───── Entries supplied
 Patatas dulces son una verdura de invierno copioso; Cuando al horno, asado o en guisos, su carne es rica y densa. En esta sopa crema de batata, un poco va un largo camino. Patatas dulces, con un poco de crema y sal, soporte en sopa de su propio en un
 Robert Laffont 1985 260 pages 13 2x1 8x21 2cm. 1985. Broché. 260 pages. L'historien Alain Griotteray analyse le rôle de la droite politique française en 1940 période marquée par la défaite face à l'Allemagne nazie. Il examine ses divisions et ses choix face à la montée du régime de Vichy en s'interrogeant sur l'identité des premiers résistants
──────────
───── Entries supplied
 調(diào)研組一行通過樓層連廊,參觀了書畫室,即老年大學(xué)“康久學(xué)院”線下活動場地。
──────────
───── Entries supplied
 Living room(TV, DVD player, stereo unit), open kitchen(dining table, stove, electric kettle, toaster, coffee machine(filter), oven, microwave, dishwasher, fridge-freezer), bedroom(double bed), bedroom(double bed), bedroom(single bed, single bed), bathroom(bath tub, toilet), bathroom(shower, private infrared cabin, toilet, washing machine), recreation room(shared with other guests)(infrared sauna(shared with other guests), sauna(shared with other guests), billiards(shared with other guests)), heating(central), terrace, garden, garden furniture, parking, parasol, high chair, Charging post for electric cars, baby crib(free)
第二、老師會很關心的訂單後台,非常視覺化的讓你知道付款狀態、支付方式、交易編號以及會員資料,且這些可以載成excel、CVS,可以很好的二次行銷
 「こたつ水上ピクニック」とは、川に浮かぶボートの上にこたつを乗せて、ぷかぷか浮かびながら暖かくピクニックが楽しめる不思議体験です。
──────────
Task instructions: Please copy, exactly as written, every line in the listing above from the line with "Patatas dulces son" up to and including the line with "Robert Laffont 1985".

Solution:
 Patatas dulces son una verdura de invierno copioso; Cuando al horno, asado o en guisos, su carne es rica y densa. En esta sopa crema de batata, un poco va un largo camino. Patatas dulces, con un poco de crema y sal, soporte en sopa de su propio en un
 Robert Laffont 1985 260 pages 13 2x1 8x21 2cm. 1985. Broché. 260 pages. L'historien Alain Griotteray analyse le rôle de la droite politique française en 1940 période marquée par la défaite face à l'Allemagne nazie. Il examine ses divisions et ses choix face à la montée du régime de Vichy en s'interrogeant sur l'identité des premiers résistants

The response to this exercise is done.